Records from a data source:
+++++
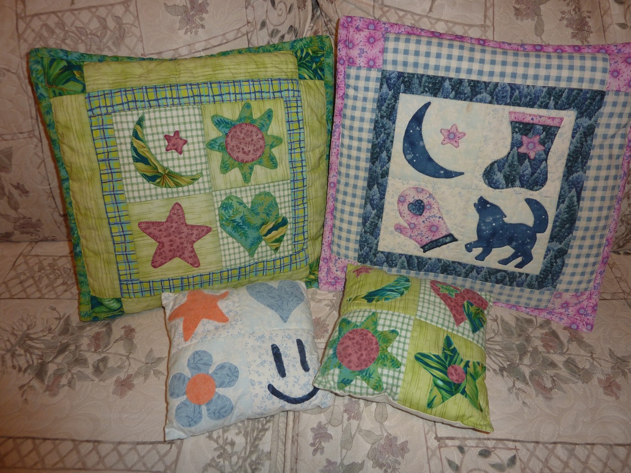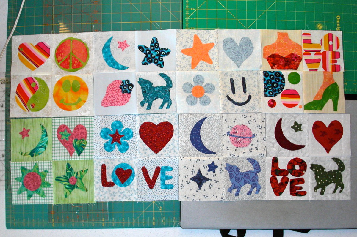 Pour la petite histoire, je suis une passionnée de patchwork, autrement appelé courtepointe ou quilting au Canada. Alors pour les 12 ans de Nadège, j’ai vu grand. J’avais trouvé dans un magazine de quilting un super patron pour faire des coussins avec des appliqués. Comme un coussin entier, c’est pas mal grand, j’ai jugé qu’on pourrait faire des mini coussins avec comme base 4 carrés cousus les uns aux autres pour former un plus grand carré (un « 4 patch » en lingo de quilting). Ensuite, j’ai pris à la bibliothèque des livres avec des idées de motifs d’appliqués et j’ai acheté de l’adhésif thermocollant (fusible Web en anglais) pour tissus (existe en feuilles et en rouleaux). Avec ma collection de tissus pour le quilting, j’étais prête (J’ai assez de tissus pour toute ma vie, et plusieurs autres…)!
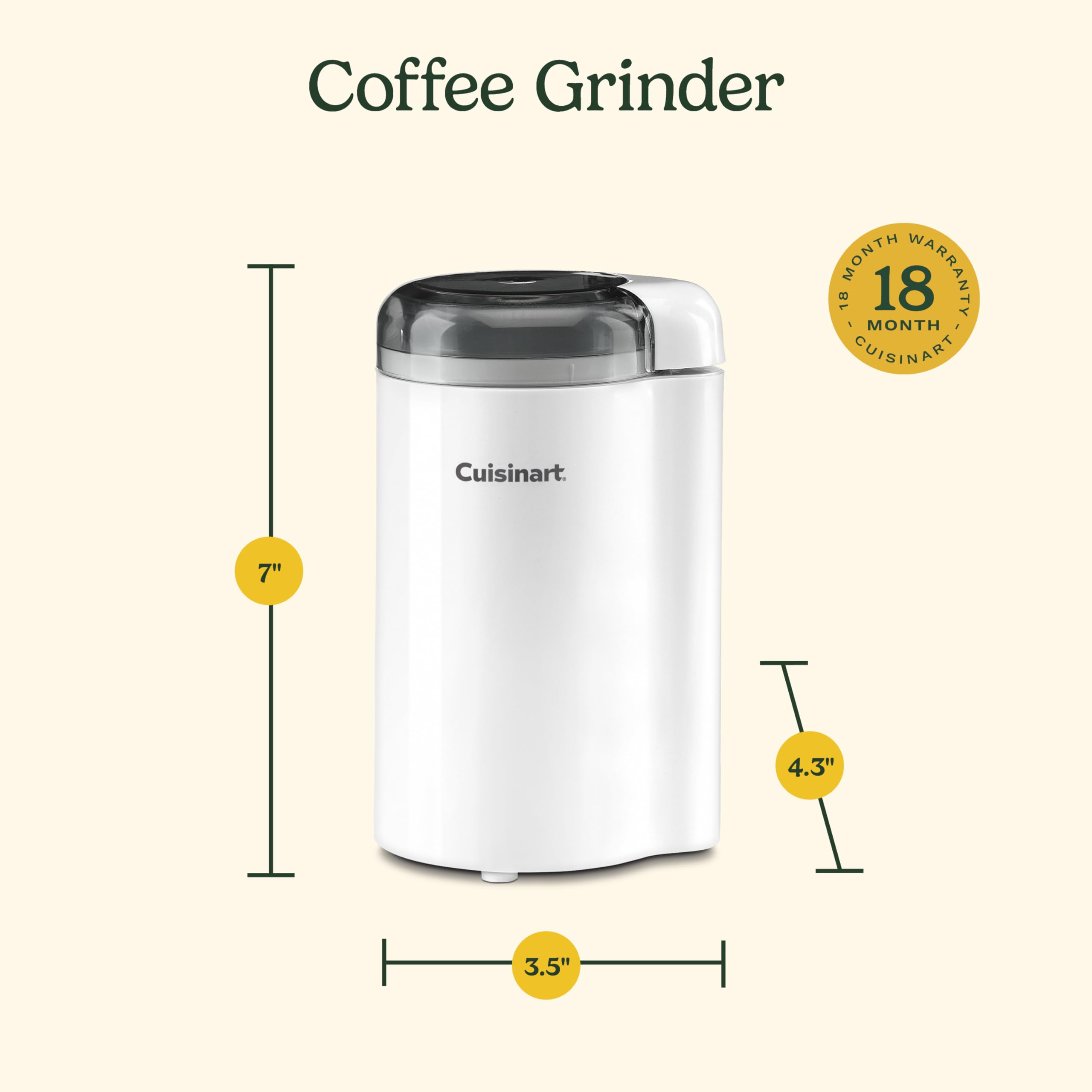 Amazon.com With Cuisinart's handsome, compact coffee grinder, it's easy to always have fresh coffee made to exact specifications. Its clean lines and teardrop shape make the grinder easy to hold, and it runs with the push of a button in its lid. To use, simply measure coffee beans into the bowl, replace the lid, and hold down the button until the coffee is ground to the desired consistency. Unplug the grinder when it's not in use--the cord can be stored in the base of the unit. --Jennifer Harris Product Description Pair your coffeemaker with the Cuisinart Coffee Grinder to bring out the freshest flavor from your whole beans. With a simple On/Off switch, you can grind enough 70g/2.5oz of coffee beans to make 12 fresh cups in no time! LIMITED 3-YEAR WARRANTY: Refer to user manual for troubleshooting steps, and questions surrounding warranty policies.
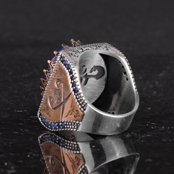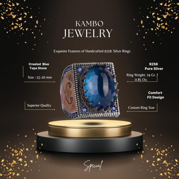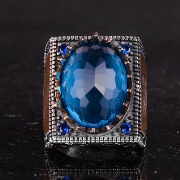 925 Ayar Gümüş İslami Yüzük, Yapay Taş Yüzük, El Yapımı Hat Yazılı Yüzük (Yapay Mavi Topaz)
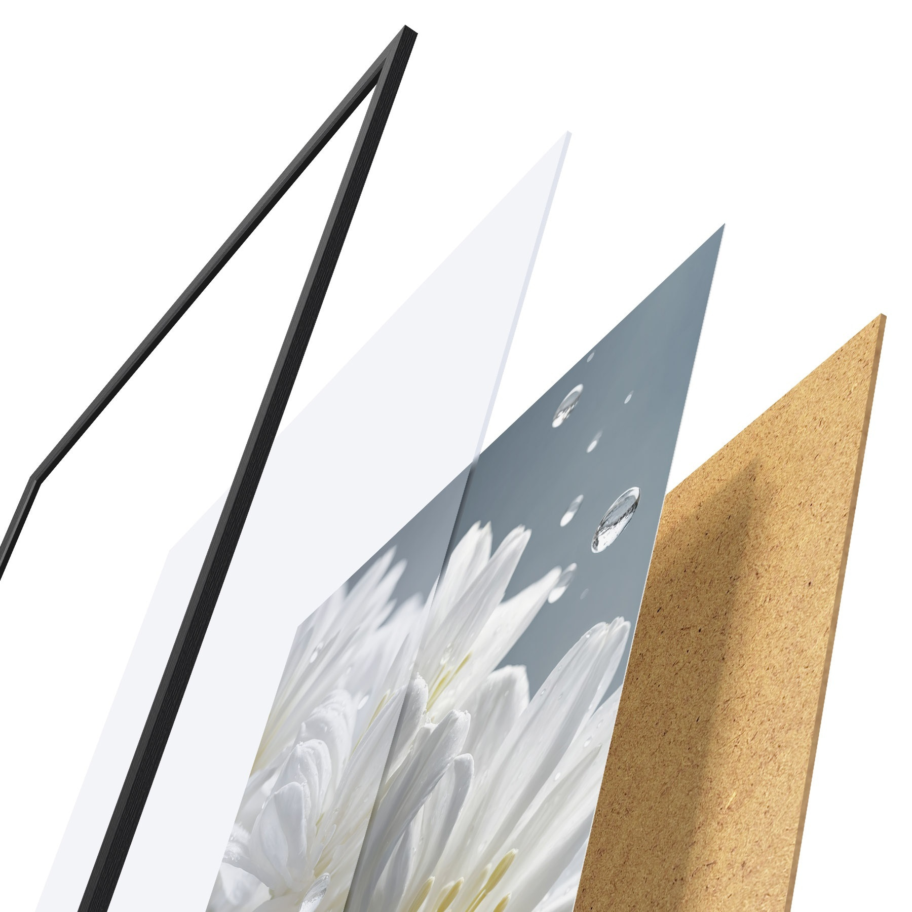 El póster consta de marco, plexiglás, imagen impresa y soporte de aglomerado. El póster puede colgarse inmediatamente en la pared gracias a los soportes de la parte posterior.
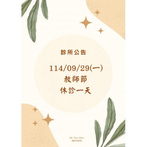 2025年9月29號 (一) 教師節休診通知 溫時光診所將於2025年9月29號(一)教師節休診乙次。 請有看診或回診需求的來訪者,提前安排就診時間。休診時段如急需用藥,建議就近至醫院急診開立藥品, 造成不便敬請見諒! ...
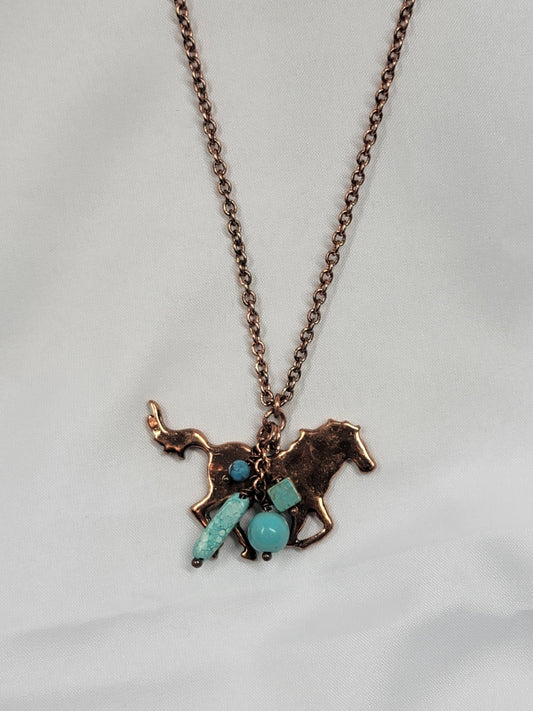 Copper Charm Necklace - Chicken, Goat or Horse - Turquoise or Orange
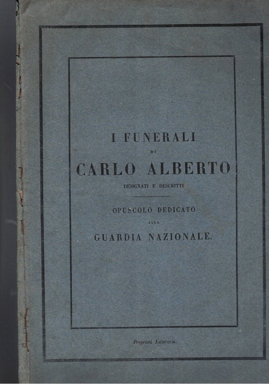 I solenni funerali celebrati in Torino ad onoranza del magnanimo Re Carlo Alberto, per decreto del subalpino parlamento con tavole litografiche, rappresentatnti le primarie opere d'arte in tal solenne occasione. Opuscolo dedicato a conservare le famiglie la rimembranza…Unito un coro funebre di Guidi e musica di Speranza.
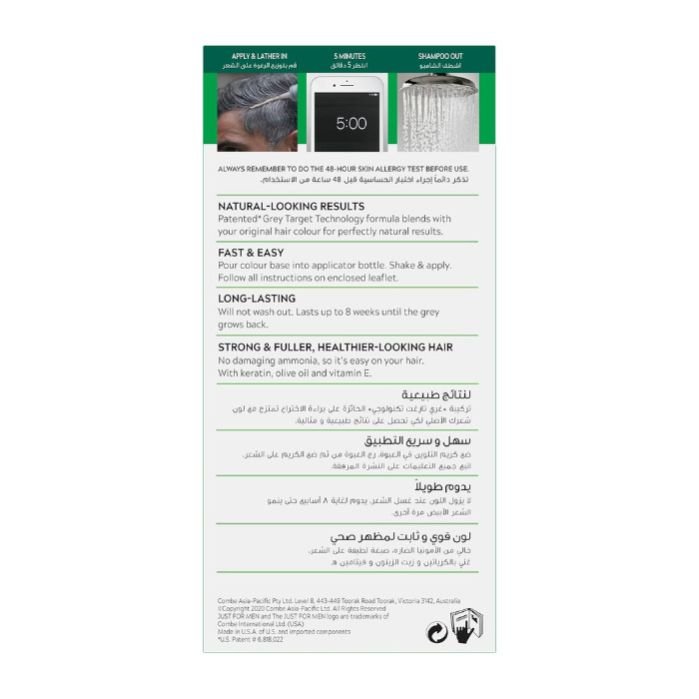 Just for Men targets only the grey hair. Replaces it with subtle tones that match your natural hair colour.
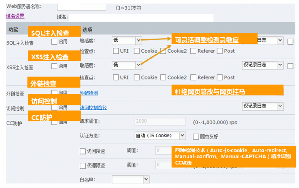 ● 支持缓冲区溢出、SQL 注入和跨站脚本、外链、Web访问攻击的检测和防护
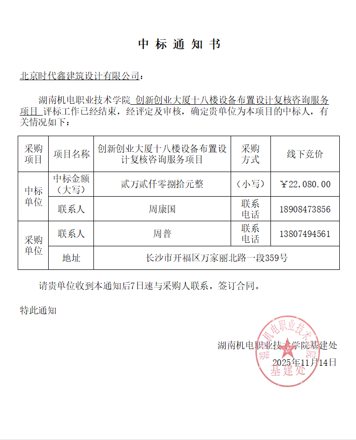 创新创业大厦十八楼设备布置设计复核咨询服务项目设计服务中标通知书
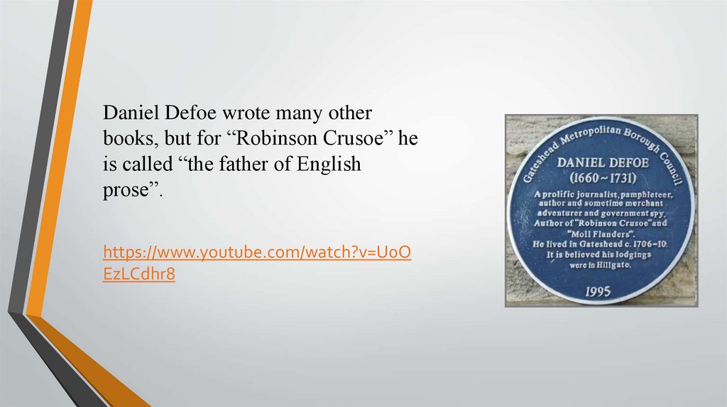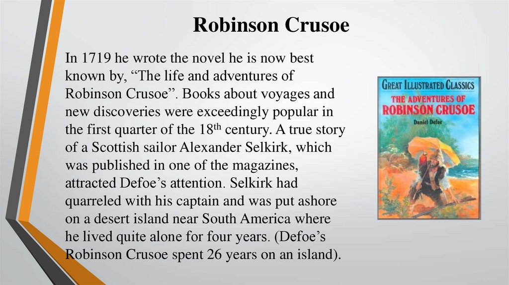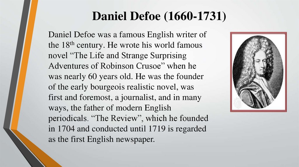 Daniel Defoe was a famous English writer ofthe 18th century. He wrote his world famous
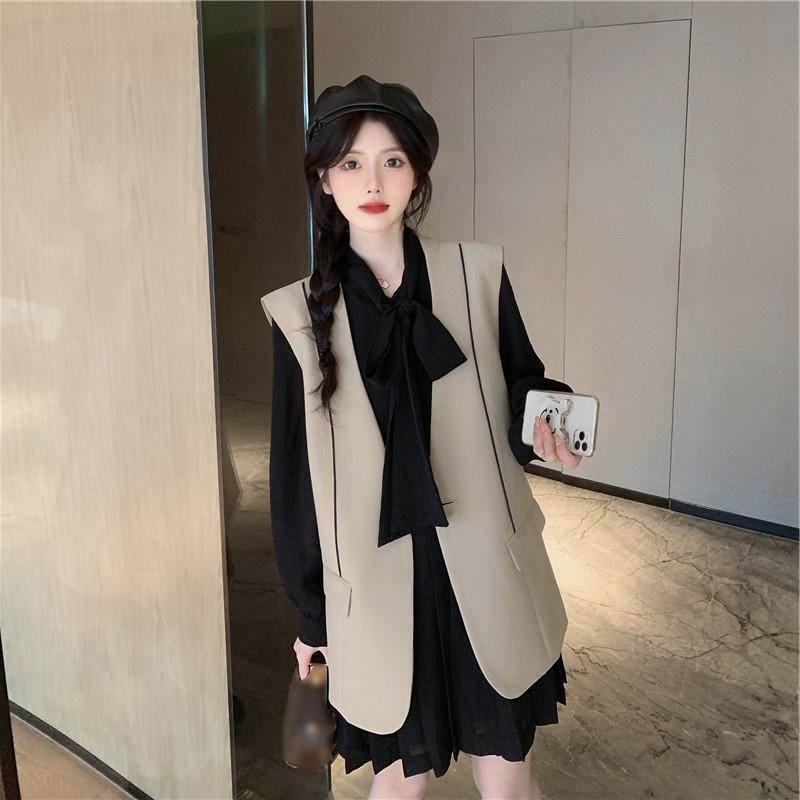 セットアップ ワンピース ベスト レディース 2点セット ミニワンピース ボウタイ 黒 大人可愛い きれいめ カジュアル ツーピース 春 秋 ブラック ホワイト 襟付き ボタン シングルブレス 白
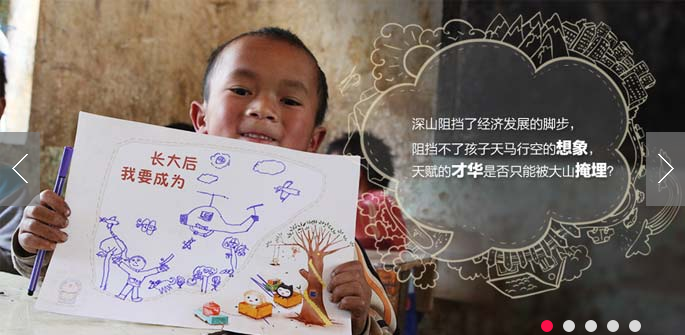 在大山的一边,有这样一群孩子,因为命运使然或物资匮乏,他们无法拥有孩子们平常不过的幸福—读书,他们稚嫩的脸庞挂着纯朴而天真的笑脸,梦想着有一天能够通过书籍走出大山,看看外面的,拥有这些的我们不甚在意,他们却需要仰望。
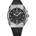 Cette montre Edox a un boîtier Inox 43 mm en diamètre et est équipée d'un bracelet caoutchouc. Le boîtier contient un mouvement Ronda et la montre est dotée d'un cristal Saphire..
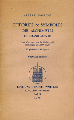 Poisson, Albert: Théories & symboles des alchimistes. Le Grand Oeuvre. Éditions Traditionnelles, Paris 1975. 15 planches, 42 figures. Suivi d’un essai sur la bibliographie alchimique du XIXe siècle. XII, 184 S. illustr. OKarton.
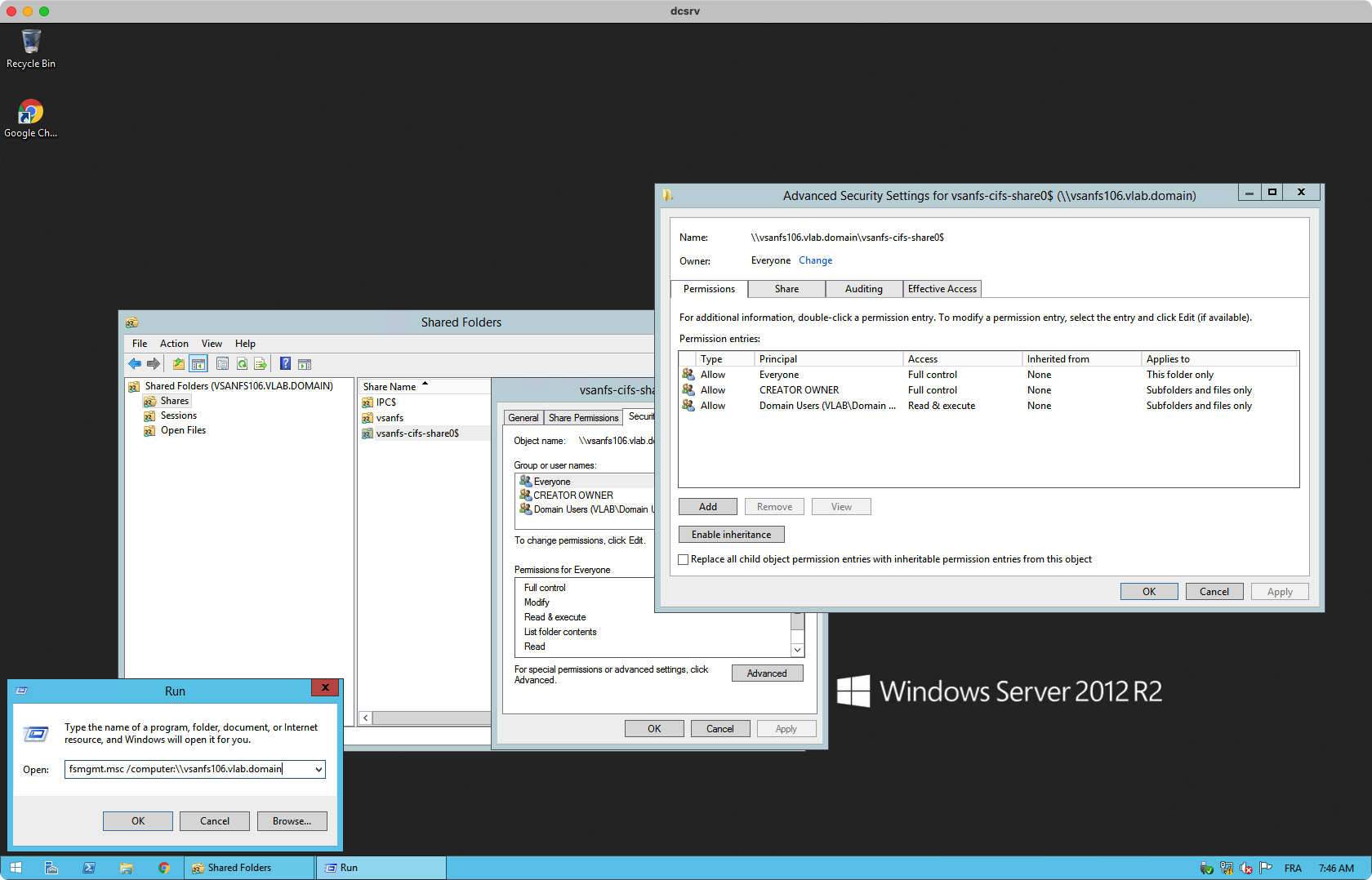 Vous noterez que les UNC/URI des shares sont parfaitement détaillées et peuvent être directement copiées/collées depuis leur page de description. De même, pour les shares SMB, on peut même utiliser le snapin Windows dédié pour travailler sur les droits d’accès, pour le coup, je trouve ça très pratique.
+++++
All lines above starting at the one with "925 Ayar Gümüş" and ending at the one with "Copper Charm Necklace", inclusive, are to be printed again exactly, with the pictures left out.

§ **ANSWER BOX**:
 925 Ayar Gümüş İslami Yüzük, Yapay Taş Yüzük, El Yapımı Hat Yazılı Yüzük (Yapay Mavi Topaz)
 El póster consta de marco, plexiglás, imagen impresa y soporte de aglomerado. El póster puede colgarse inmediatamente en la pared gracias a los soportes de la parte posterior.
 2025年9月29號 (一) 教師節休診通知 溫時光診所將於2025年9月29號(一)教師節休診乙次。 請有看診或回診需求的來訪者,提前安排就診時間。休診時段如急需用藥,建議就近至醫院急診開立藥品, 造成不便敬請見諒! ...
 Copper Charm Necklace - Chicken, Goat or Horse - Turquoise or Orange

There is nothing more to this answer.